- Developer: Malcolm Evans
- Publisher: New Generation Software
- Platform: ZX Spectrum
- Release: EU: 1983;
- Genre: Action

= Knot in 3D =

1983 video game

Knot in 3D is a ZX Spectrum action game by Malcolm Evans published in 1983 by New Generation Software. It resembles a three-dimensional (i.e. with three degrees of freedom instead of only two) version of the Light cycles game from the film Tron.

==Gameplay==

Gameplay screenshot

The game takes place in a 16 × 16 × 16 three-dimensional grid with the display being a first-person view of what the player can see in front of them. Initially empty, this space is filled up by the player (who constantly moves forward) leaving a trail behind them. There are a number of computer-controlled "chasers" doing the same thing who leave a differently coloured trail behind them. As the player and the chasers move through the grid, it becomes more and more densely filled, and therefore there is a greater likelihood of crashing into a trail and need to change direction to avoid the trails.

==Reception==
Crash magazine commented that it was hard to see how Knot worked at first, but described it as extraordinary and addictive.
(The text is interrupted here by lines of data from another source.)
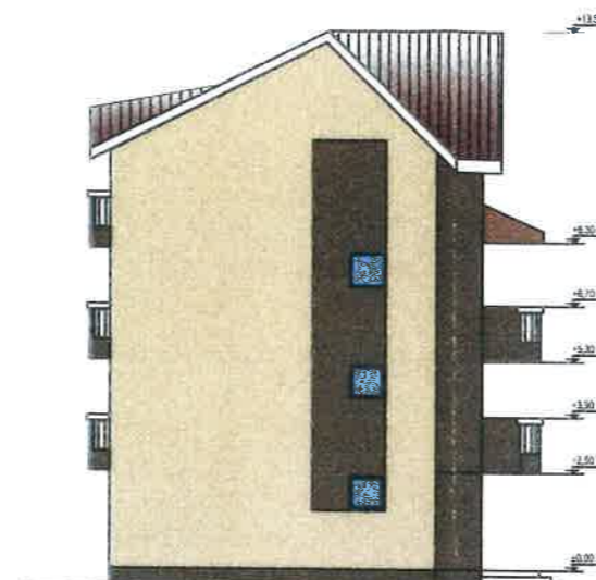
FATADA LATERALA STANGA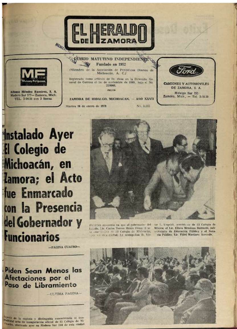
Figura 2. Ceremonia inaugural.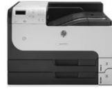
HP LaserJet Enterprise 700 Printer M712 -tulostinsarja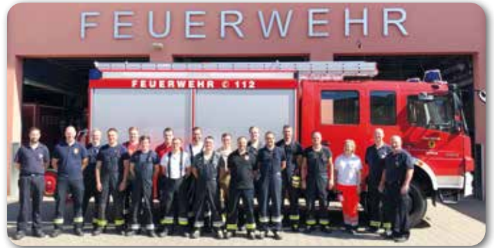
Abschluss der Modularen Truppausbildung (MTA) am 15.07.2023 in Bad Rodach

Seit vielen Jahren arbeiten die Freiwilligen Feuerwehren aus Bad Rodach, Meeder und Lautertal im Bereich der Standortausbildungen Erfolgreich Hand in Hand. Dies stellten Sie auch dieses Jahr wieder unter Beweis. Insgesamt wurden 95 Feuerwehrkameradinnen und Kameraden zu den Standortlehrgängen „Modulare Truppausbildung, MTA-Abschlussprüfung (Trupfführerprüfung), Digitalfunk-MTA-Modul, Maschinisten für Tragkraftspritzen und Löschfahrzeuge und Atemschutzgeräteträger“ ausgebildet.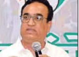
अमेरिका और युएन में उठे इस मामले के बाद शुक्रवार को कांग्रेस पार्टी ने एक बड़ा खुलासा कर दिया है। लोकसभा चुनाव से पहले दिवंगत के मुख्यमंत्री अरविंद केजरीवाल को ईडी द्वारा गिरफ्तार करना और कांग्रेस पार्टी के बैंक खाते फ्रीज करना, इस मामले को लेकर अमेरिका, जर्मनी और युएन में हिंप्णों को गई है।

एजेंसी नई दिल्ली। लोकसभा चुनाव से पहले राजनीतिक दलों को मिले चंदे को लेकर भाजपा व कांग्रेस में झगड़ना मचा है। भाजपा कह रही है कि कांग्रेस ने डोनेशन लेने के नियमों का उल्लंघन किया है, तो दूसरी तरफ कांग्रेस पार्टी का आरोप है कि चुनाव के मौके पर उसके बैंक खाते फ्रीज किए जा रहे हैं। सरकार का यह कदम देश की स्वस्थ लोकतांत्रिक प्रक्रिया के बाधित करने का प्रयास है। यह मामला अब केवल भारत तक ही सीमित नहीं रहा है, बल्कि अमेरिका और संयुक्त राष्ट्र संघ रूप से अब तक इसकी गूंज पहुंच रही है।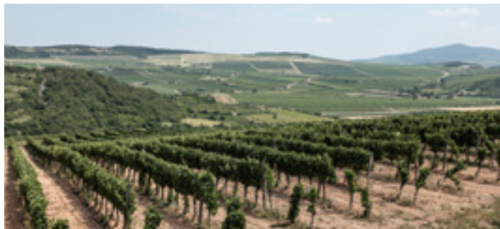
Szent Tamás-dűlő, Mád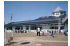
市民出資による太陽光パネル設置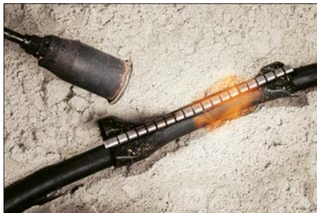
RMS manchete til kabelreparation - for sikker og hurtig reparation på stedet.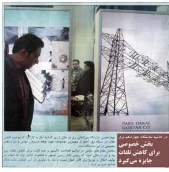
بخش خصوصی برای کاهش تلفات جایزه می‌گیرد

نماینده مجلس تأکید کرد: بیش از ۲۰۰ نماینده مجلس تأکید کردند بر لغو کامل تحریم‌ها و پافشاری بر حق غنی‌سازی نامحدود. مجلس شورای اسلامی در جلسه‌ای با حضور ۲۳۵ نماینده این موضوع را بررسی کرد.

ZX Computing also said that Knot was initially confusing until the player is used to the perspective. The graphics were highlighted as some of the best fast-action colour graphics on the ZX Spectrum.

In 1997, Next Generation reflected on Knot in 3D as "a landmark title blighted by the inability of most players to think in terms of three dimensions fast enough."

In 1991 Your Sinclair magazine ranked the game 60th in their top 100 Spectrum games of all time.